Stop the RabbitMQ application on Node B while keeping the Erlang node available:
sudo rabbitmqctl stop_appReset Node B's local state if it has already been initialized as a standalone node:
sudo rabbitmqctl resetJoin Command: Execute the join command on Node B, specifying the hostname of Node A as the peer.
sudo rabbitmqctl join_cluster rabbit@rabbitmq-node-aTip: Use the hostname defined in
/etc/hosts.Start the RabbitMQ application on Node B:
sudo rabbitmqctl start_app
Step 4: Verifying Cluster Formation
Log into Node A and verify that both nodes recognize each other.
rabbitmqctl cluster_status
Expected Output Snippet:
You should see both rabbitmq-node-a and rabbitmq-node-b listed under running_nodes.
Cluster status of node rabbit@rabbitmq-node-a ...
[{nodes,[{disc,[rabbit@rabbitmq-node-a,rabbit@rabbitmq-node-b]}]},
{running_nodes,[rabbit@rabbitmq-node-a,rabbit@rabbitmq-node-b]},
...
]
Step 5: Configuring High Availability for Queues
Standard RabbitMQ clustering shares metadata such as users, exchanges, bindings, and policies. Queue contents need a replicated queue type if you want messages to survive node failure.
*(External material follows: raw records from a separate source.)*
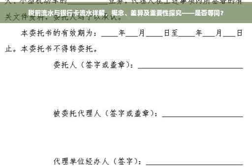 在现代社会中,随着经济的发展和个人财务的日益复杂化,越来越多的人开始关注个人财务管理的重要性,税前流水和银行卡流水作为个人财务管理中的两个重要概念,对于个人理财、税务申报以及企业经营等方面都具有重要意义,本文将详细解析税前流水和银行卡流水的概念、区别以及重要性,帮助读者更好地理解这两个概念在个人财务管理中的作用。
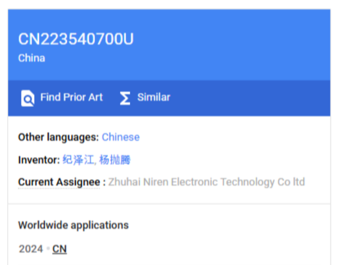 주하이 니렌 전기기술 유한공사 (Zhuhai Niren Electronic Technology Co ltd)
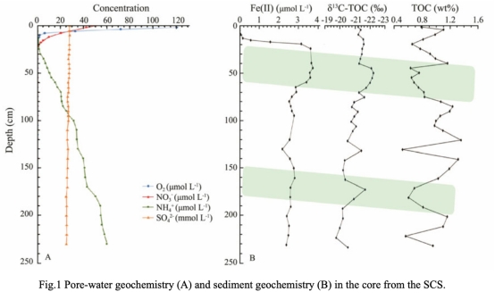? 數(shù)據(jù):DO穿透深度16 cm,NO??穿透深度30 cm;Fe(II)峰值濃度2.33 μmol/L(25-230 cm層)
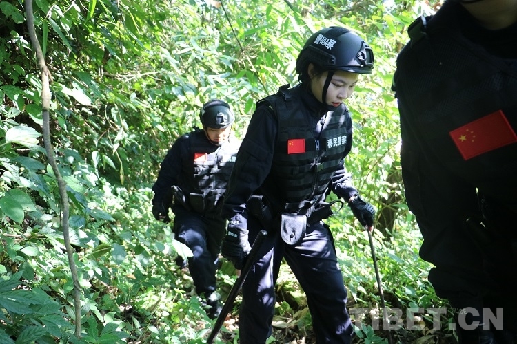走在隊伍最前面的是經驗豐富的老民警李永杰,他手里拿著一把砍刀,一邊清理小路兩側蔓延出來的枝椏,一邊時刻注意著兩位女民警情況。隨著海拔升高,走進樹木茂盛的叢林,陽光只能從郁郁蔥蔥的樹葉間撒下兩三縷光芒,兩名女民警瞪大眼睛好奇地觀察著周圍,對接下來的行程充滿期待。
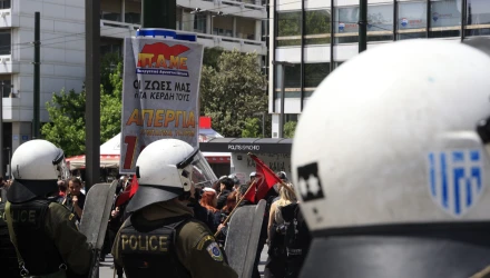 Χιλιάδες διαδηλωτές πραγματοποίησαν συγκέντρωση διαμαρτυρίας στο κέντρο της Αθήνας με κύριο αίτημα, την απελευθέρωση των ακτιβιστών, με αποτέλεσμα να αυξηθούν τα μέτρα γύρω από την πρεσβεία του Ισραήλ. Η κατάσταση αυτή προκάλεσε την αντίδραση ενός άνδρα των ΜΑΤ, ο οποίος ευχήθηκε το Ισραήλ να είχε βουλιάξει το πλοίο. «Το Ισραήλ φταίει που δεν βούλιαξε το πλοίο να τελειώνουμε… Και καθόμαστε τώρα μέσα στον καύσωνα, εδώ πέρα για τα λεφτά… Έπρεπε να το βουλιάξουν το μπουρδ@@@. Βγήκε το άλλο εκεί το λέσο να πούμε… Τρώει μόνο χόρτα», λέει.

For modern RabbitMQ deployments, use quorum queues for replicated durable queues. Classic mirrored queues used ha-mode policies in older RabbitMQ releases, but that approach is deprecated and removed from newer major versions.
Declare a Quorum Queue
You can declare quorum queues from your application or with rabbitmqadmin. This example creates a durable quorum queue:
rabbitmqadmin declare queue name=orders durable=true arguments='{"x-queue-type":"quorum"}'
For two-node labs, a quorum queue can run, but it cannot tolerate the loss of one node and still keep a majority. For production, use at least three RabbitMQ nodes for quorum queues so one node can fail while the queue still has a majority.
Step 6: Test Failover
Before calling the cluster ready, test the path your clients will use:
- Publish a few persistent test messages to a quorum queue.
- Stop the active node's RabbitMQ application with
sudo rabbitmqctl stop_app. - Confirm clients reconnect through your load balancer, DNS target, or service discovery setup.
- Consume the test messages from the surviving node.
- Start the stopped application again with
sudo rabbitmqctl start_appand checkrabbitmqctl cluster_status.
Final Takeaway
RabbitMQ clustering gives you shared broker metadata, but queue availability depends on the queue type and client failover design. Use quorum queues for replicated durable queues, keep at least three nodes for real fault tolerance, and test failover with the same connection path your applications use.